Goal of the exercise:
Copy, word for word, the lines below from the one containing "The government has seen" up to and including the one containing "4U 72/96/144 Ports", with pictures left out.

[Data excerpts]
==============================
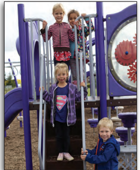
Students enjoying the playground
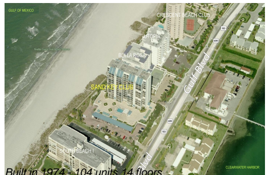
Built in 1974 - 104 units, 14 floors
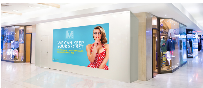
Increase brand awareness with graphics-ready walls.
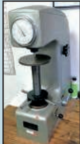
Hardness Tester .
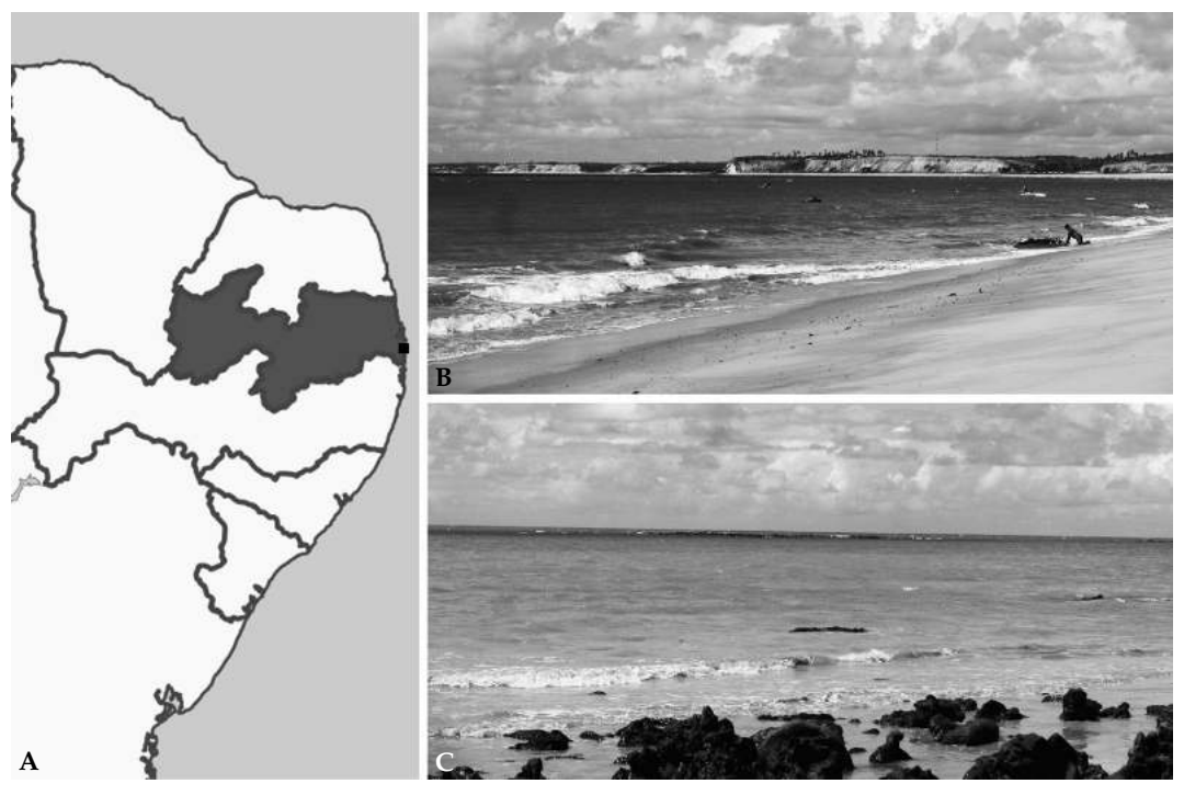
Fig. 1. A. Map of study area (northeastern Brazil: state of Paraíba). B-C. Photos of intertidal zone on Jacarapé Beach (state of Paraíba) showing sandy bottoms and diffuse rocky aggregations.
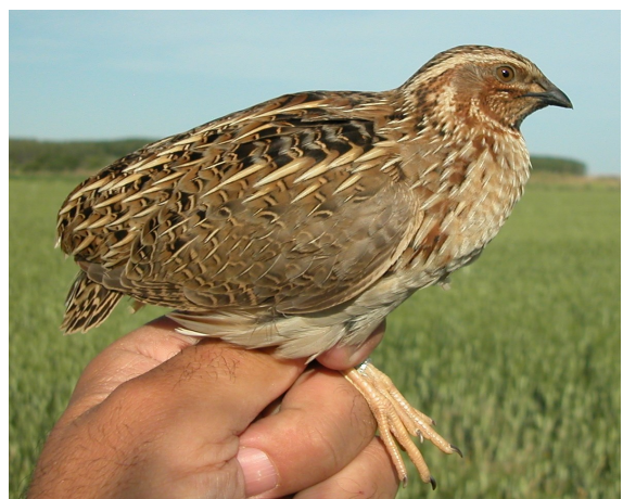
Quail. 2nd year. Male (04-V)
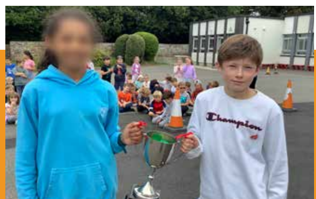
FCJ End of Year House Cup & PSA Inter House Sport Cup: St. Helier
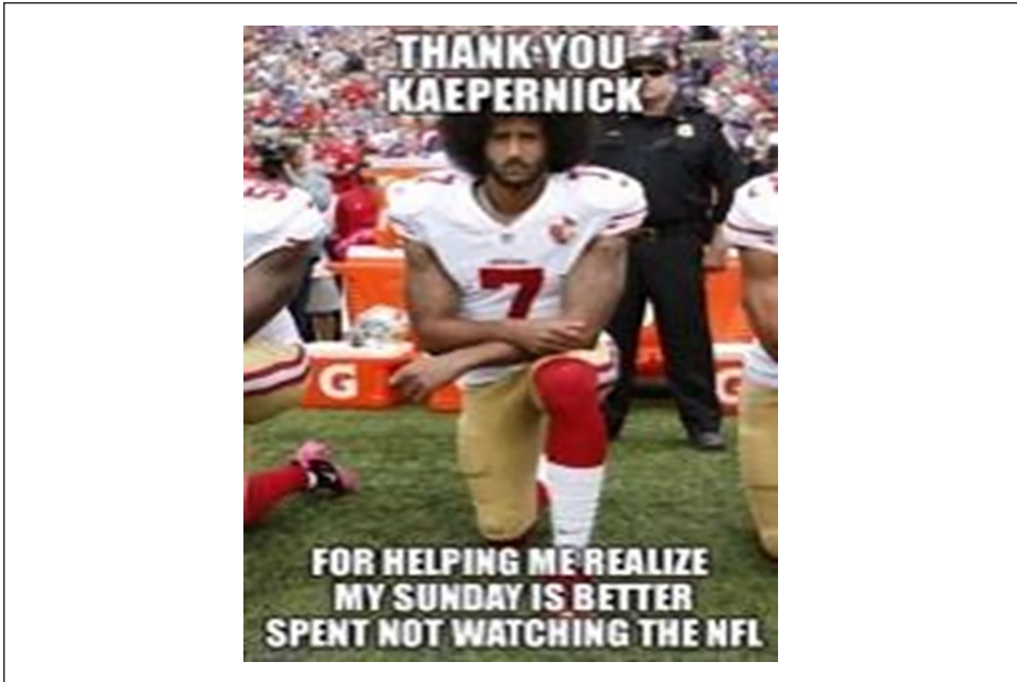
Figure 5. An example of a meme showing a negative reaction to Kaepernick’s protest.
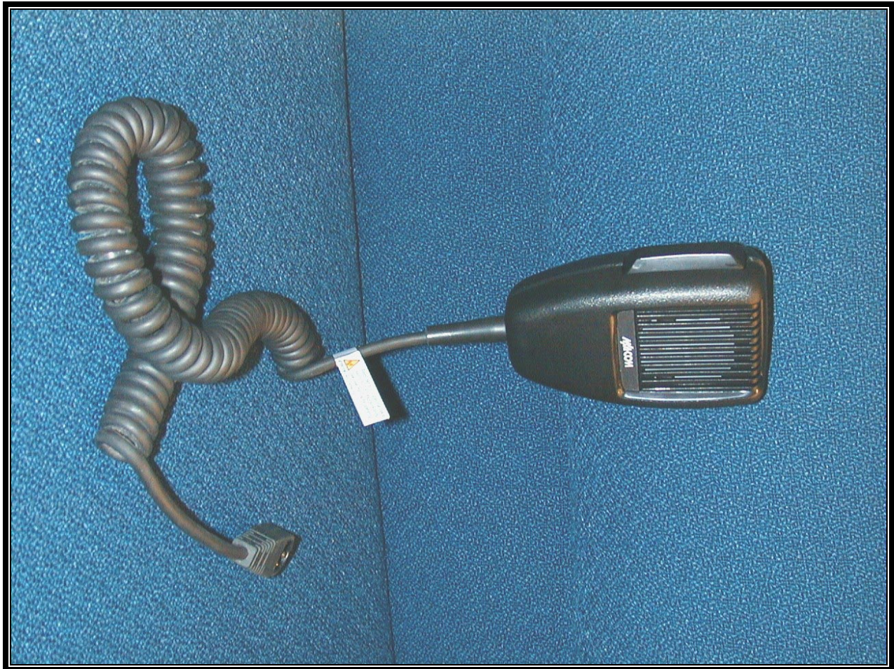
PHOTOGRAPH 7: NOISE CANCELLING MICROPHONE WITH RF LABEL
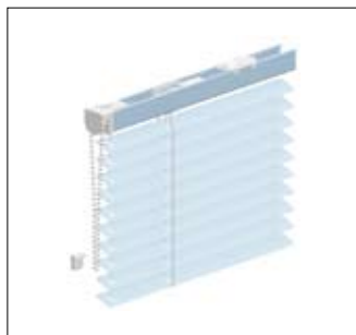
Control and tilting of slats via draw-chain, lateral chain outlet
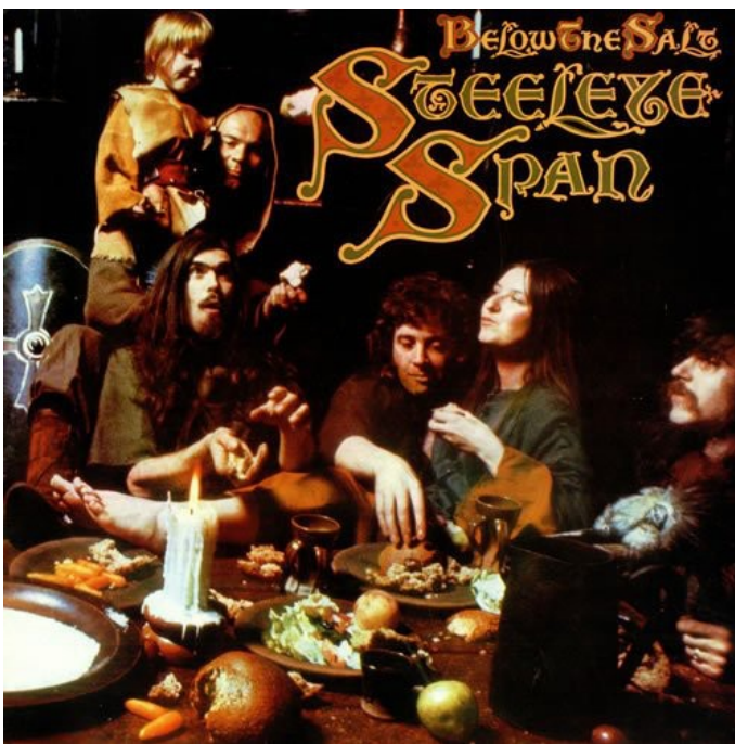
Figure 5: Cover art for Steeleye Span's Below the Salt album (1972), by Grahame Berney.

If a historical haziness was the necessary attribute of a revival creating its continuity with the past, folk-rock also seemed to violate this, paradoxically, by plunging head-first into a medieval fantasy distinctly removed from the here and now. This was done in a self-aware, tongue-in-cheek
==============================
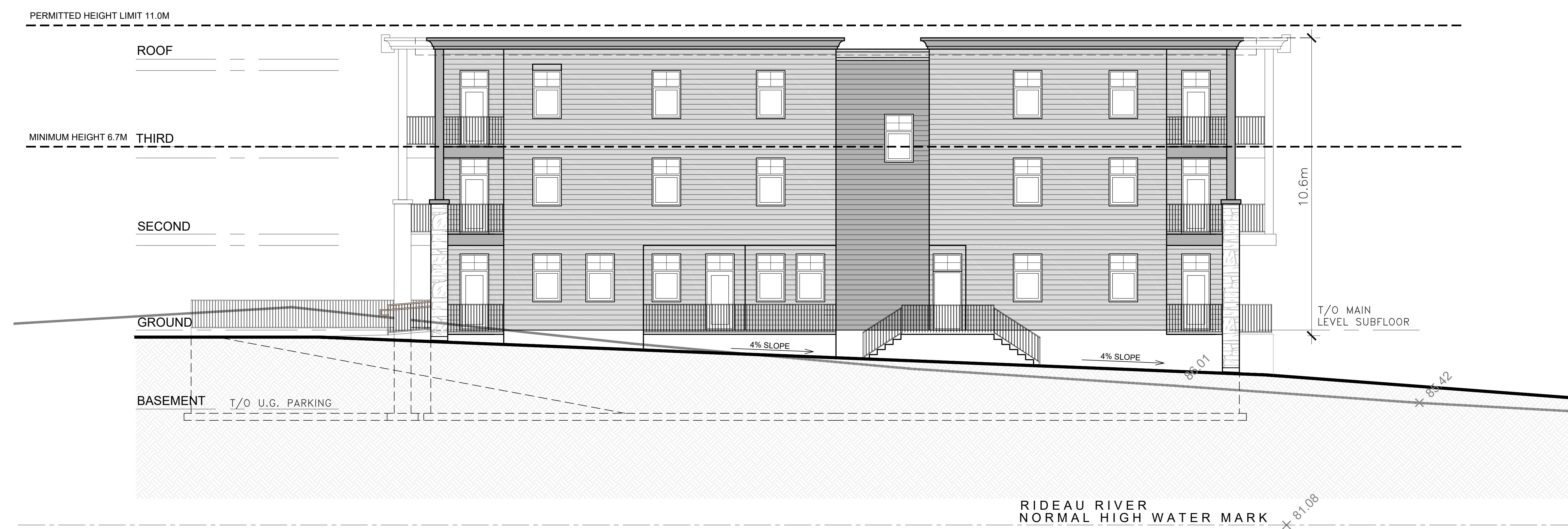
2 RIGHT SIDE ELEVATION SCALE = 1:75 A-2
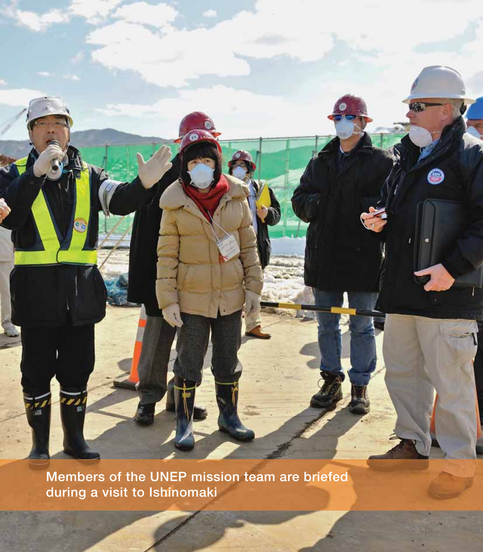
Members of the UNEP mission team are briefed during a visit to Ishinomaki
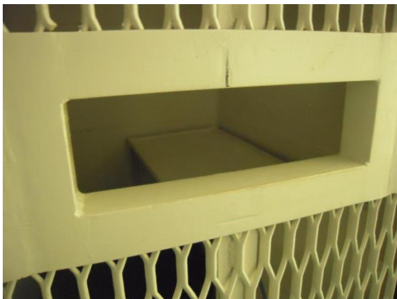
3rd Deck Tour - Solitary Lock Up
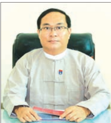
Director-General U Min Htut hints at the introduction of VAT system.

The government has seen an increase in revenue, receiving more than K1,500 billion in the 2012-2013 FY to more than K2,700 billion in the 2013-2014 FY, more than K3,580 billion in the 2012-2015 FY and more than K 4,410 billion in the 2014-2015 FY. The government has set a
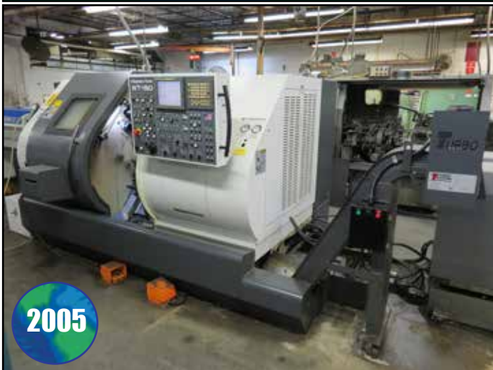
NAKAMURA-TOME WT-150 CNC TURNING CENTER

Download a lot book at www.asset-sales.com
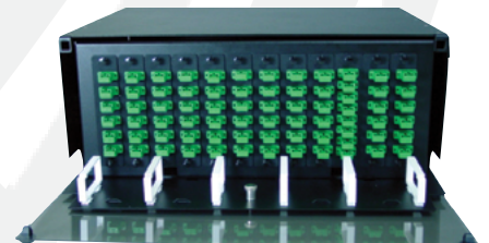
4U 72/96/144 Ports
==============================
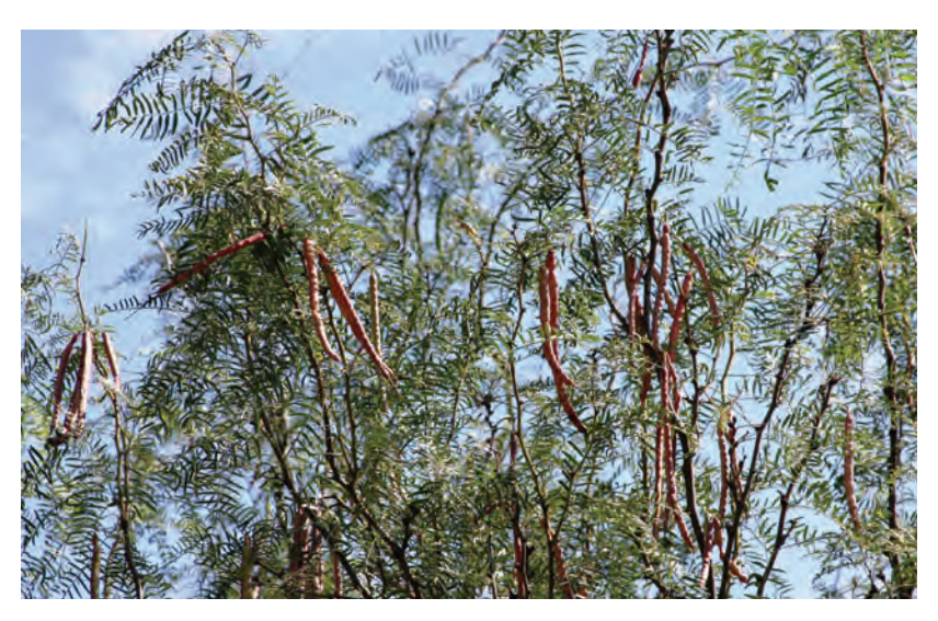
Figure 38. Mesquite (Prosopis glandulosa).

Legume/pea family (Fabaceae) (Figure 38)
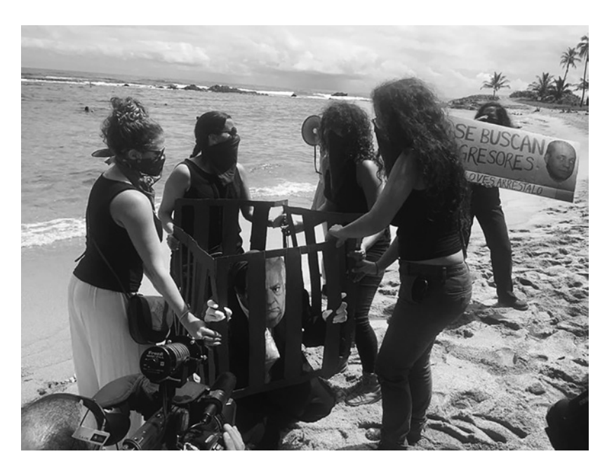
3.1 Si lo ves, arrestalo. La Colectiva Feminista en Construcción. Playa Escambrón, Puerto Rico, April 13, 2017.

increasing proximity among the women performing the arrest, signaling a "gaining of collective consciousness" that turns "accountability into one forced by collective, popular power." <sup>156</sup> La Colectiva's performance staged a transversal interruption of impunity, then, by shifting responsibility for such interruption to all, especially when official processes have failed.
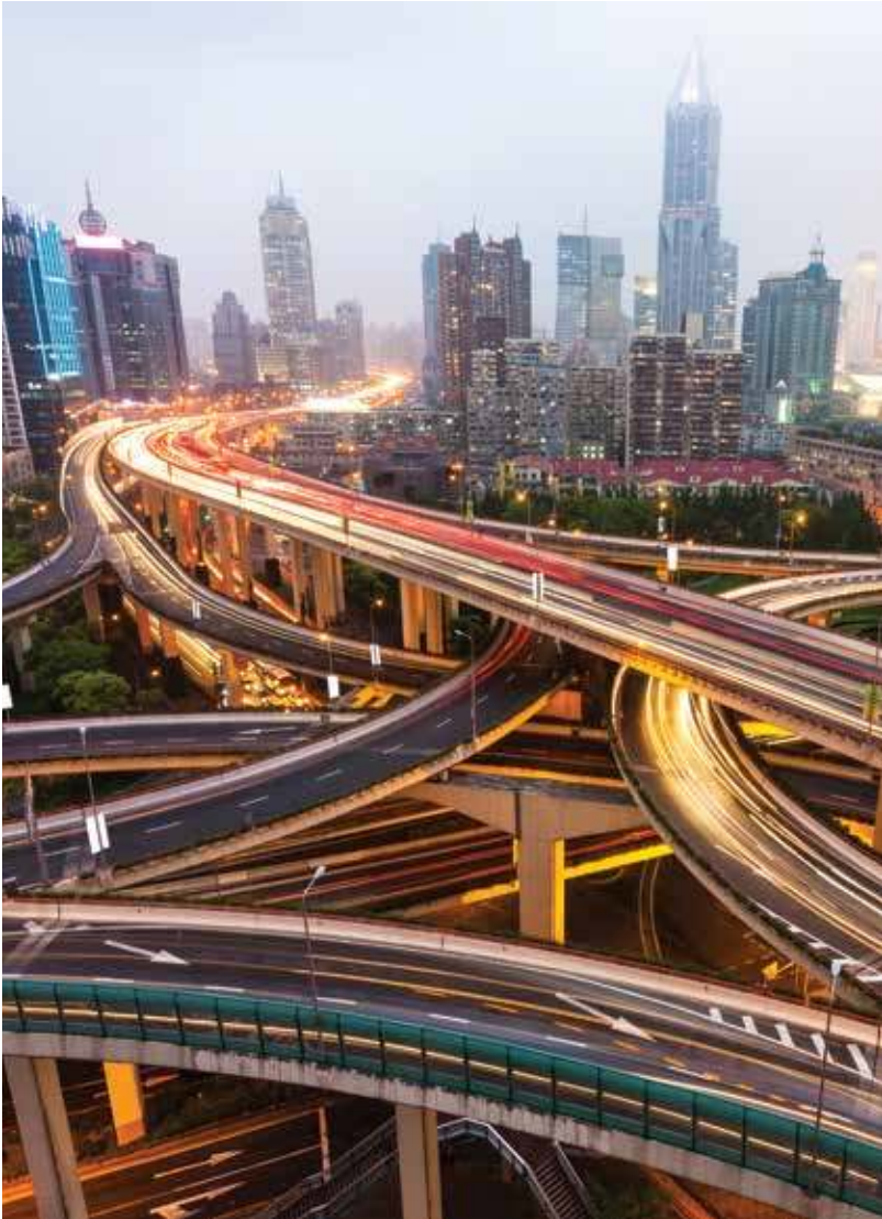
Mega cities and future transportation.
==============================
Final answer:
The government has seen an increase in revenue, receiving more than K1,500 billion in the 2012-2013 FY to more than K2,700 billion in the 2013-2014 FY, more than K3,580 billion in the 2012-2015 FY and more than K 4,410 billion in the 2014-2015 FY. The government has set a
NAKAMURA-TOME WT-150 CNC TURNING CENTER

Download a lot book at www.asset-sales.com
4U 72/96/144 Ports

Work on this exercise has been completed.